Unnamed: 0,R&D Spend,Administration,Marketing Spend,State,Profit
0,165349.2,136897.8,471784.1,New York,192261.83
1,162597.7,151377.59,443898.53,California,191792.06
2,153441.51,101145.55,407934.54,Florida,191050.39
3,144372.41,118671.85,383199.62,New York,182901.99
4,142107.34,91391.77,366168.42,Florida,166187.94
5,131876.9,99814.71,362861.36,New York,156991.12
6,134615.46,147198.87,127716.82,California,156122.51
7,130298.13,145530.06,323876.68,Florida,155752.6
8,120542.52,148718.95,311613.29,New York,152211.77
9,123334.88,108679.17,304981.62,California,149759.96


#### df.columns
When you have a big dataset like that it can be hard to see all the columns. using .columns function, you can print out all the columns of the dataset:

In [5]:
df.columns

Index(['R&D Spend', 'Administration', 'Marketing Spend', 'State', 'Profit'], dtype='object')

#### df.shape

If we apply .shape on the dataset, Pandas returns us a pair of numbers that represent the dimensionality of our dataset. This property is very useful for understanding the number of columns and the length of the dataset.

In [6]:
df.shape

(50, 5)

#### .len()

Provides with the length of the DataFrame. Let’s see an example:

In [7]:
len(df)

50

This DataFrame has 50 rows of data.

 #### df[‘’].dtypes

Another very basic and widely used functions. Because it is necessary to know the data types of the variables before we dive into the analysis, visualization, or predictive modeling. I am getting the data type of the ‘height_cm’ column using .dtypes function here:

In [8]:
df.Profit.dtypes

dtype('float64')

You have the option to get the data type of each and every column as well using this syntax:

In [9]:
df.dtypes

R&D Spend          float64
Administration     float64
Marketing Spend    float64
State               object
Profit             float64
dtype: object

#### df.select_dtypes()

You can select the variables or columns of a certain data type using this function. For example, I want to select the columns with data types ‘int64’ only. Here is how to do that:

In [10]:
df.select_dtypes(include='int64')

0
1
2
3
4
5
6
7
8
9
10


In [11]:
df.select_dtypes(exclude='int64')

Unnamed: 0,R&D Spend,Administration,Marketing Spend,State,Profit
0,165349.2,136897.8,471784.1,New York,192261.83
1,162597.7,151377.59,443898.53,California,191792.06
2,153441.51,101145.55,407934.54,Florida,191050.39
3,144372.41,118671.85,383199.62,New York,182901.99
4,142107.34,91391.77,366168.42,Florida,166187.94
5,131876.9,99814.71,362861.36,New York,156991.12
6,134615.46,147198.87,127716.82,California,156122.51
7,130298.13,145530.06,323876.68,Florida,155752.6
8,120542.52,148718.95,311613.29,New York,152211.77
9,123334.88,108679.17,304981.62,California,149759.96


####  df.insert()

As the name of the function suggests, it inserts a column in the specified position. To demonstrate that I will first create an array of random numbers that have the length of our DataFrame:

In [12]:
random_col = np.random.randint(100, size=len(df))
random_col 

array([79, 11, 97, 92, 73, 81, 77, 79, 74, 63, 71, 65, 34, 62, 87, 75, 58,
       88,  8, 98, 77, 56, 47, 75, 17,  7, 25, 66, 15, 31, 53, 60, 71, 33,
       40, 76, 17, 90, 28, 13,  5, 86, 63, 47, 94, 71, 24, 47, 27, 19])

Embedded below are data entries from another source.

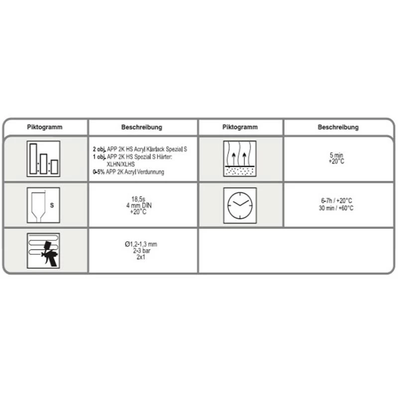 Hinweis! Ausschließlich die Härter APP 2K HS Spezial S Härter XLHN/XLHS und 2K Verdünner für Acryllacke verwenden.
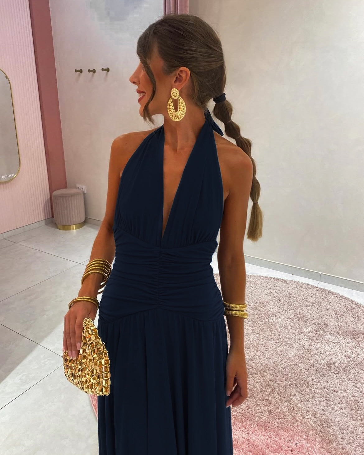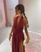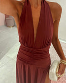 Maxi εξώπλατο φόρεμα με δέσιμο στο λαιμό και σούρα στη μέση
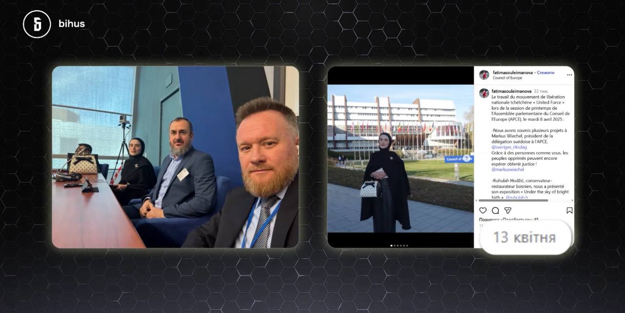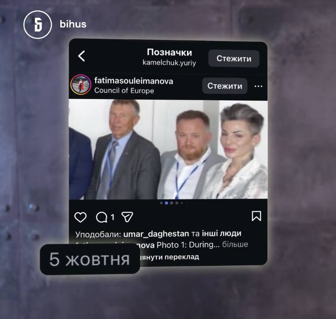 Також на фото поряд із Камельчуком Фатіма Сулейманова – чеченська активістка, яка дійсно була в Страсбурзі тоді ж, коли і Камельчук, у такому самому одязі, як на фото, щоправда – у квітні. Крім того, попри те, що вона активно веде соцмережі, чомусь там немає жодної згадки про Демократичний форум, у якому, вони нібито брали участь з Камельчуком в листопаді.
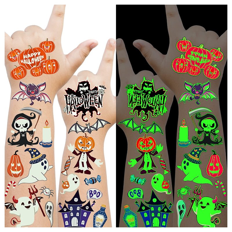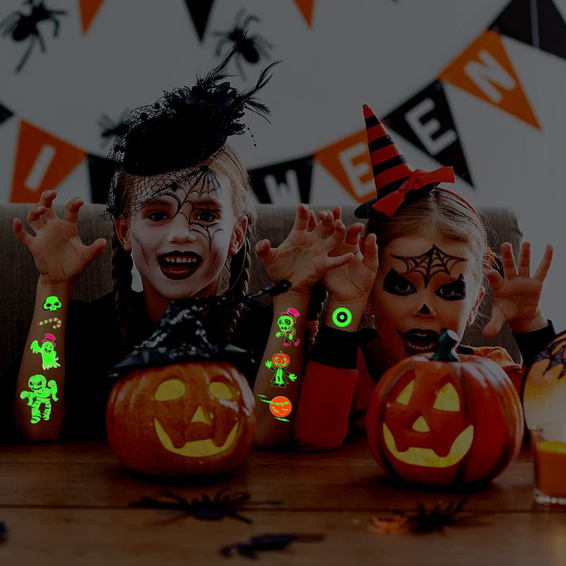 - Glow Halloween Party Supplies for Kids: Are you looking for the novel Halloween party accessories? Our glow tattoo is the choice for kids Halloween party! Unique designs include Pumpkin, Ghost, Witch, Skull, Bat, Mummy, Vampire and more.
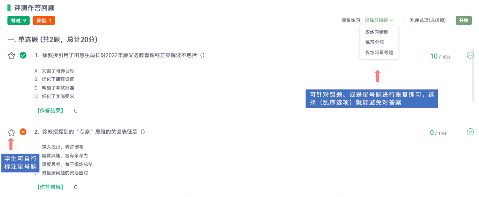 在瀏覽測驗(yàn)結(jié)果的過程中,學(xué)生可自行為需要加強(qiáng)關(guān)注的題目標(biāo)注星號,后續(xù)可針對錯(cuò)題、或是星號題進(jìn)行重復(fù)練習(xí),選擇「亂序選項(xiàng)」就能避免背答案!
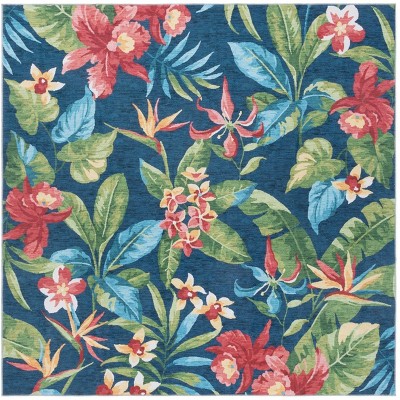Malibu MBU821 Machine Washable Skid-Resistant Power Loomed Indoor Area Rug - Dark Green/Grey - 6'x6' - Safavieh
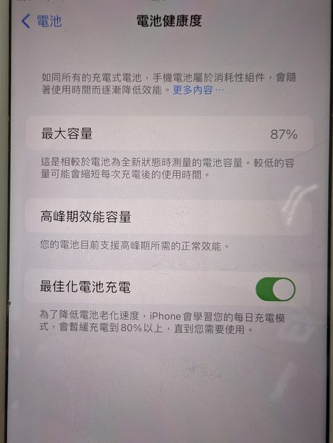 用機,很適合給老人家當手機使用,電池健康度還有87%
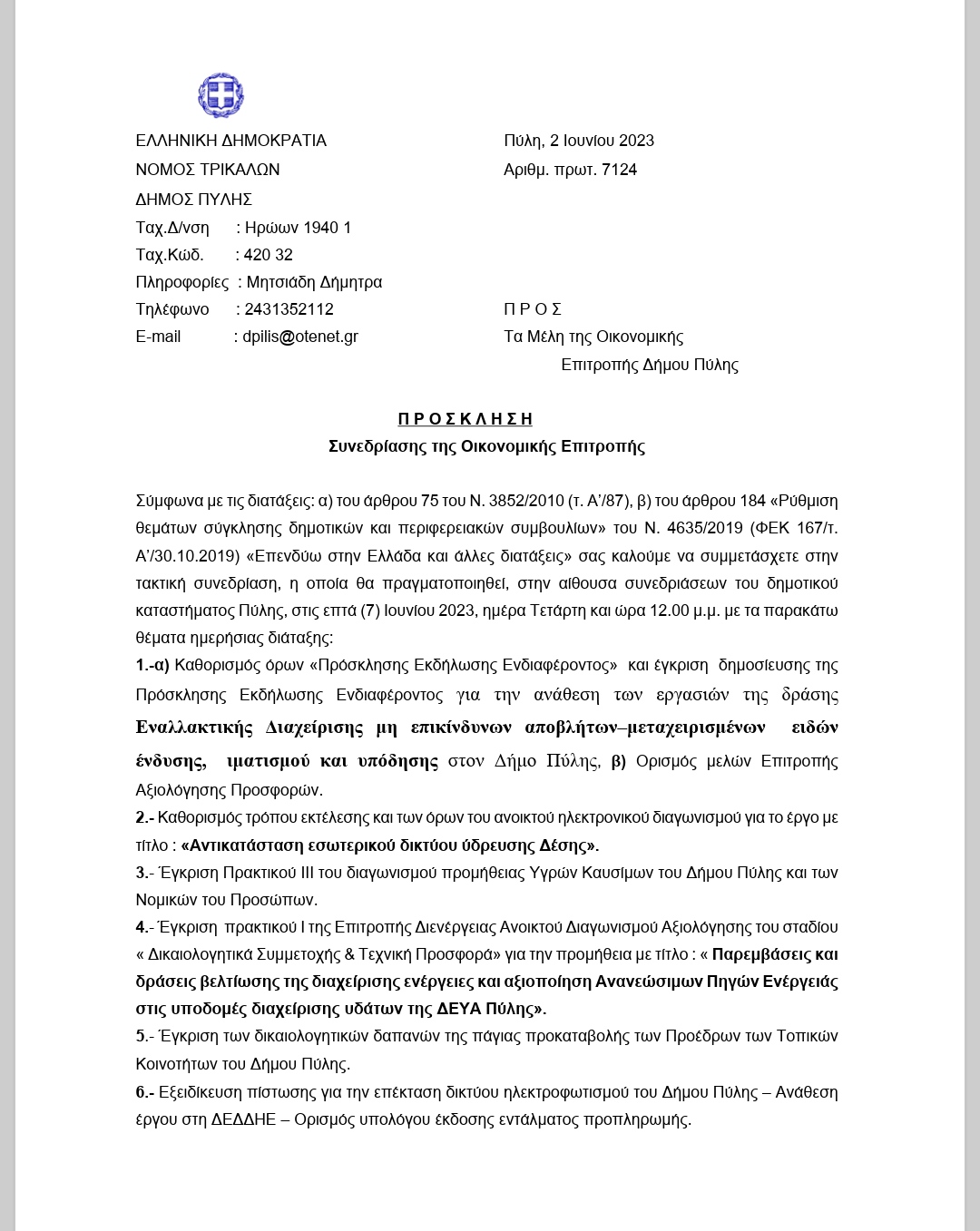 Πρόσκληση 8ης τακτικής συνεδρίασης του Οικονομικής Επιτροπής του Δήμου Πύλης (Τετάρτη 07.06.2023 ώρα 12:00)
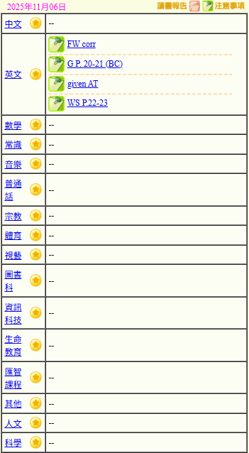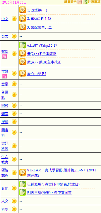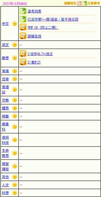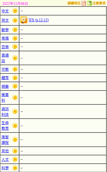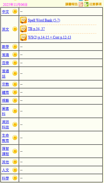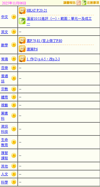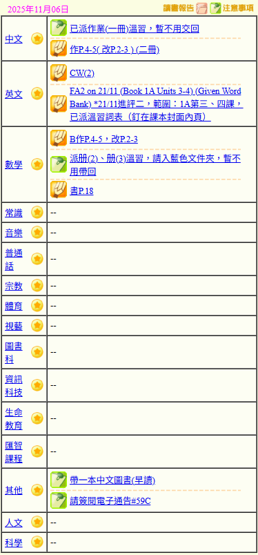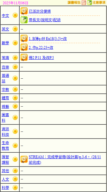- 班別家課
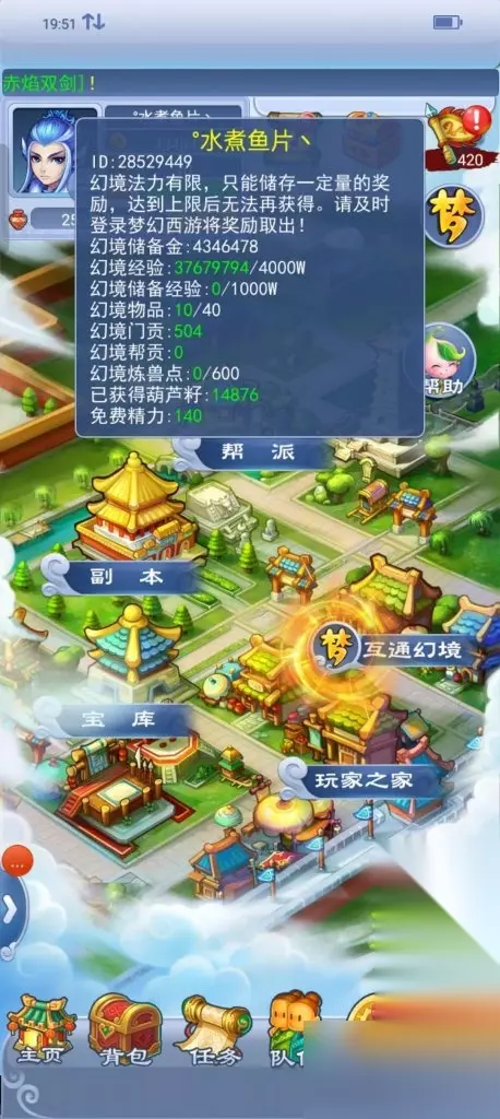 大号目前159,玩的法系神木林,本来大号也是个没修没技能没等级的渣渣号,十年前,那时候早期跑镖还没改,每天跑50镖,每天20个师门,最高的时候储备金跑镖跑到了两亿多,储备金多了就点修,跑宝宝秘传,硬是玩成了现在这个修炼。
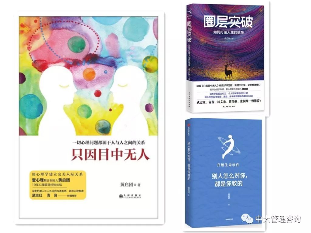 黄启团先生,专注于应用心理学领域21年,是一位集导师与投资人于一身的心理学专家,将心理学理论成功运用于企业管理、经营、婚姻、家庭、亲子教育等领域。投资创立卓越的心理学平台壹心理,NLP学院网、睿智人生、大成心理学校、武汉心斋等心理机构。著有心理学畅销书《只因目中无人》、《圈层突破》、《别人怎么对你,都是你教的》。

I will insert this array as a column in the DataFrame df at column 3 position. Remember, the column index starts from zero.

In [13]:
df.insert(3, 'random_col', random_col)


Here is the part of the data frame

In [14]:
df.head()

Unnamed: 0,R&D Spend,Administration,Marketing Spend,random_col,State,Profit
0,165349.2,136897.8,471784.1,79,New York,192261.83
1,162597.7,151377.59,443898.53,11,California,191792.06
2,153441.51,101145.55,407934.54,97,Florida,191050.39
3,144372.41,118671.85,383199.62,92,New York,182901.99
4,142107.34,91391.77,366168.42,73,Florida,166187.94


#### df[‘’].cumsum()

It provides you with the cumulative sum. Let me explain with an example. I am going to use the ‘Administration’ and ‘Marketing Spend’columns for this example. Here is the code:

In [15]:
df[['Administration', 'Marketing Spend']].cumsum()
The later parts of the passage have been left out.